▸ Problem requirements:
Your response is a verbatim copy of the listing, stripped of its images.

:: Dataset section

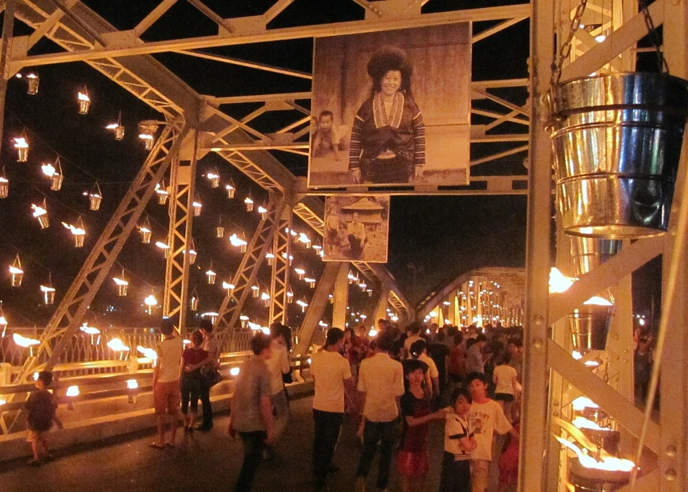Cầu Trường Tiền lung linh với chương trình nghệ thuật sắp đặt lửa của đoàn nghệ thuật Carabosse Pháp.
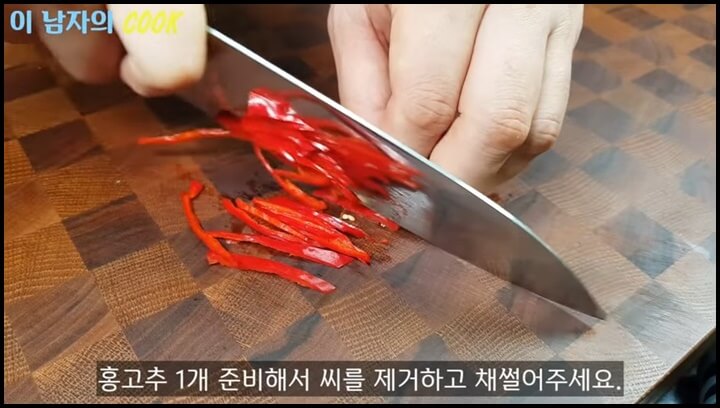 3) 홍고추도 같은 방법으로 가늘게 채 썰어줍니다.
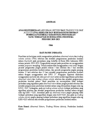 Rafi , Pandu Indrasta (2025) ANALISIS PERBEDAAN ABNORMAL RETURN DAN TRADING VOLUME ACTIVITY (TVA) SEBELUM DAN SESUDAH PENGUMUMAN PEMBELIAN KEMBALI SAHAM PADA PERUSAHAAN YANG TERDAFTAR DI BURSA EFEK INDONESIA PERIODE 2019-2023. FAKULTAS ILMU SOSIAL DAN ILMU POLITIK, UNIVERSITAS LAMPUNG .
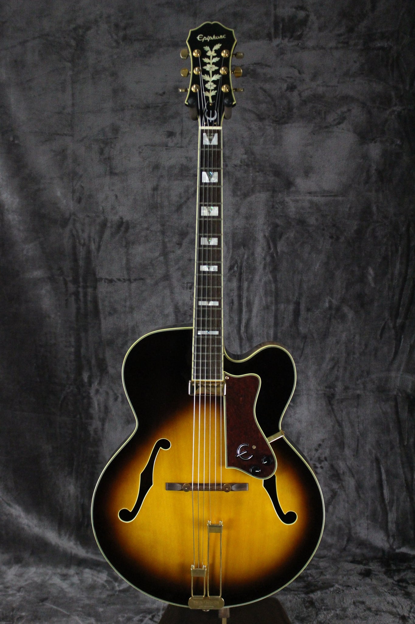 This 2004 Epiphone Emperor features a Spruce top in Antique Sunburst, a single floating mini-humbucker, V-Block inlays, and a frequensator tailpiece.

::::

▸ Your response:
Cầu Trường Tiền lung linh với chương trình nghệ thuật sắp đặt lửa của đoàn nghệ thuật Carabosse Pháp.
 3) 홍고추도 같은 방법으로 가늘게 채 썰어줍니다.
 Rafi , Pandu Indrasta (2025) ANALISIS PERBEDAAN ABNORMAL RETURN DAN TRADING VOLUME ACTIVITY (TVA) SEBELUM DAN SESUDAH PENGUMUMAN PEMBELIAN KEMBALI SAHAM PADA PERUSAHAAN YANG TERDAFTAR DI BURSA EFEK INDONESIA PERIODE 2019-2023. FAKULTAS ILMU SOSIAL DAN ILMU POLITIK, UNIVERSITAS LAMPUNG .
 This 2004 Epiphone Emperor features a Spruce top in Antique Sunburst, a single floating mini-humbucker, V-Block inlays, and a frequensator tailpiece.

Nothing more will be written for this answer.